Mesmo na óptica da defesa do “funcionamento do mercado” e da tutela da “sã concorrência”, não se vislumbra que a recorrente “Dreammedia Portugal, SA” apresente um interesse directo e pessoal na presente acção judicial, destinada, grosso modo, a decretar a anulação da decisão administrativa, para efeitos de reconhecimento da sua legitimidade activa.
Deste modo, subscreve-se a decisão do tribunal de primeira instância quando afirma que “(…) o interesse de agir da Autora nesta ação não se dirige a uma utilidade efetiva e imediata que possa advir diretamente da declaração de anulabilidade ou de nulidade do ato impugnado, necessária para que se verifique o seu interesse em agir para os termos da presente ação, tal como exigido pelo disposto no artigo 55.º, n.º 1, alínea a), do CPTA (…)”.
Ou, as alegações da “Autoridade da Concorrência”, quando afirma que “ é claro que há falta de interesse em agir quanto o autor funda a sua causa de pedir num direito meramente eventual, não atual, hipotético sem que dai resulte qualquer violação à tutela jurisdicional efetiva e ao acesso aos tribunais (…)”.
Em face do exposto, decide-se julgar improcedente o recurso interposto pela recorrente “Dreammedia Portugal, SA” e, em consequência, confirma-se a decisão proferida pelo Tribunal da Concorrência, Regulação e Supervisão – Juiz 2, que absolveu da instância a “Autoridade da Concorrência”, o “Município de Lisboa”, a “J.C.Decaux (Portugal) – Mobiliário Urbano e Publicidade, Lda.” e a “Mop – Multimédia Outdoors Portugal – Publicidade, SA”.
2. Inconstitucionalidade da interpretação dos arts. 51.º, n.º 1, 54.º, n.º 1, 55.º, n.º 1, al. a) e 68.º, n.º 1, al. a), todos do CPTA, por violação dos arts. 18.º, n.ºs 2 e 3, 20.º, 204.º e 268.º, todos da Constituição:
A recorrente “Dreammedia Portugal, SA” veio sustentar, a este respeito, que a interpretação sufragada pelo tribunal de primeira instância constitui uma violação aos preceitos constitucionais relativos ao direito de acesso aos tribunais (art. 20.º), ao princípio da tutela jurisdicional efectiva (art. 268.º) e aos requisitos das leis restritivas dos direitos fundamentais (art. 18.º, n.ºs 2 e 3, da Constituição).

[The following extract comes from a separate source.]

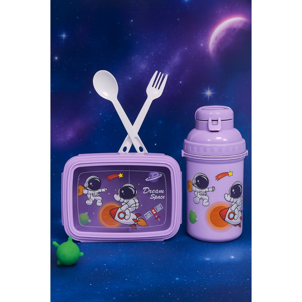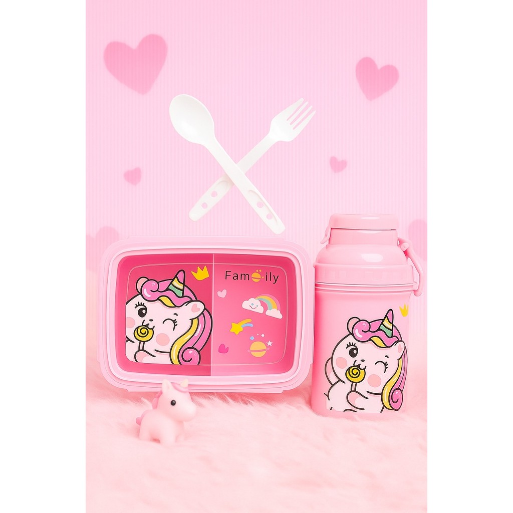 1 Set Tempat Makan Anak 2 Sekat + Botol Minum Lunch Box Tebal Anti Tumpah Kotak Bekal Sekolah W514
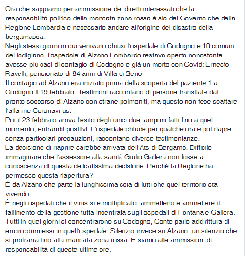 La strage lombarda nasce ad Alzano a metà febbraio. La situazione era più grave di Codogno, Regione Lombardia e dirigenti locali leghisti lo sapevano ma hanno taciuto per non chiudere le aziende. Ne ho scritto su

Neste particular, a “Autoridade da Concorrência”, o “Município de Lisboa”, a “J.C.Decaux (Portugal) – Mobiliário Urbano e Publicidade, Lda.” e a empresa “Mop – Multimédia Outdoors Portugal – Publicidade, SA” também de pronunciarem, de modo unânime, pela improcedência do recurso.
Apreciando e decidindo:
O art. 18.º, n.º 2, da Constituição da República Portuguesa, sob a epigrafe “força jurídica”, dispõe que “(…) A lei só pode restringir os direitos, liberdades e garantias nos casos expressamente previstos na Constituição, devendo as restrições limitar-se ao necessário para salvaguardar outros direitos ou interesses constitucionalmente protegidos (…)”, enquanto que o n.º 3 deste dispositivo acrescenta que “(…) As leis restritivas de direitos, liberdades e garantias têm de revestir carácter geral e abstracto e não podem ter efeito retroactivo nem diminuir a extensão e o alcance do conteúdo essencial dos preceitos constitucionais (…)”.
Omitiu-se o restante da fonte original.